5. Terapi Latihan: Terapi latihan dapat membantu pasien dengan PTSD untuk mengatasi
stres dan meningkatkan kesehatan fisik dan mental mereka. Terapi olahraga dapat
berupa olahraga aerobik, yoga, meditasi, atau aktivitas fisik lainnya.
TERAPI FARMAKOLOGI
1. Evaluasi gejala: Diagnosis PTSD harus dikonfirmasi oleh dokter sebelum meresepkan
obat. Dokter perlu mengevaluasi gejala pasien, termasuk kecemasan, depresi,
insomnia, mimpi buruk, dan peningkatan reaktivitas. Pasien juga harus diuji untuk
kemungkinan komorbiditas dan kondisi medis lainnya.
2. SSRI atau SNRI: Antidepresan tipe SSRI atau SNRI adalah andalan pilihan dalam
pengobatan farmakologis PTSD. Obat ini membantu mengurangi kecemasan, depresi,
dan gejala reaktif lainnya yang terkait dengan PTSD. Misalnya sertralin dan
fluoxetine.
3. Benzodiazepin: Jenis obat ini dapat membantu mengurangi kecemasan dan membantu
pasien tidur. Namun, penggunaan benzodiazepin harus diawasi secara ketat karena
potensi ketergantungan. Misalnya alprazolam dan lorazepam.
4. Prazosin: Obat ini digunakan untuk mengobati tekanan darah tinggi dan juga terbukti
efektif dalam mengobati mimpi buruk yang terkait dengan PTSD. Dosis awal
biasanya rendah dan ditingkatkan secara bertahap.
5. Antipsikotik: Jenis obat ini dapat membantu mengurangi gejala psikotik yang terkait
dengan PTSD. Namun, penggunaan antipsikotik harus diawasi secara ketat karena
potensi efek sampingnya.

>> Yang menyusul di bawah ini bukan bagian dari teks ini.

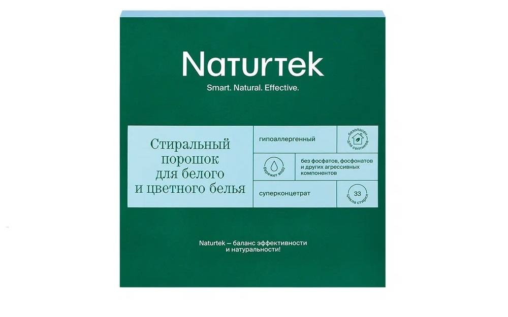 Универсальный порошок Naturtek для стирки цветного и белого белья подходит для всех видов тканей, в том числе деликатных. Оптимальный выбор для людей с чувствительной кожей: щадящая гипоаллергенная формула не содержит отдушек, а также фосфатов, фосфонатов и других агрессивных компонентов. В основе средства — натуральная мыльная стружка и комплекс энзимов, который действует направленно против трудновыводимых пятен (от фруктов, шоколада, красок и т.д.). Сбалансированный и тщательно выверенный состав порошка Naturtek позволяет эффективно удалять самые сложные загрязнения без вреда для любой ткани, даже требующей максимально бережного ухода.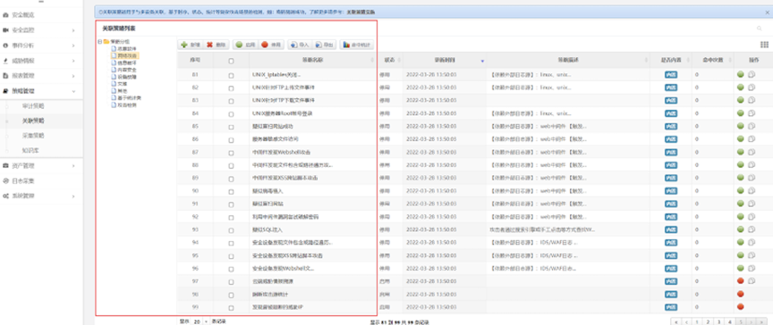 巅峰国际数码DCSSA日志审计系统除了等保合规场景之外,还有广泛的应用领域,在恶意软件检测、网络攻击检测等方面也能发挥很好的效果,是一款网络威胁告警利器。在运行过程中,系统充分利用已经内置的场景策略,一旦日志信息中出现关键字,系统将会进行统计,超过设定的阈值就产生告警,相关策略提前预置,可以根据业务实际进行灵活调整。

Misalnya risperidone dan quetiapine.
6. Terapi kombinasi: Dalam beberapa kasus, mungkin diperlukan terapi kombinasi
beberapa obat untuk mengobati gejala yang kompleks atau sulit diobati.
DAFTAR PUSTAKA
American Psychiatric Assosiation. Practice guideline for the treatment of patients with panic
disorder second edition. New York: American Psychiatric Assosiation; 2010.
DiPiro J.T., Wells B.G., Schwinghammer T.L. and DiPiro C. V., 2023, Pharmacotherapy
Handbook, 12th Edit., McGraw-Hill Education Companies, Inggris.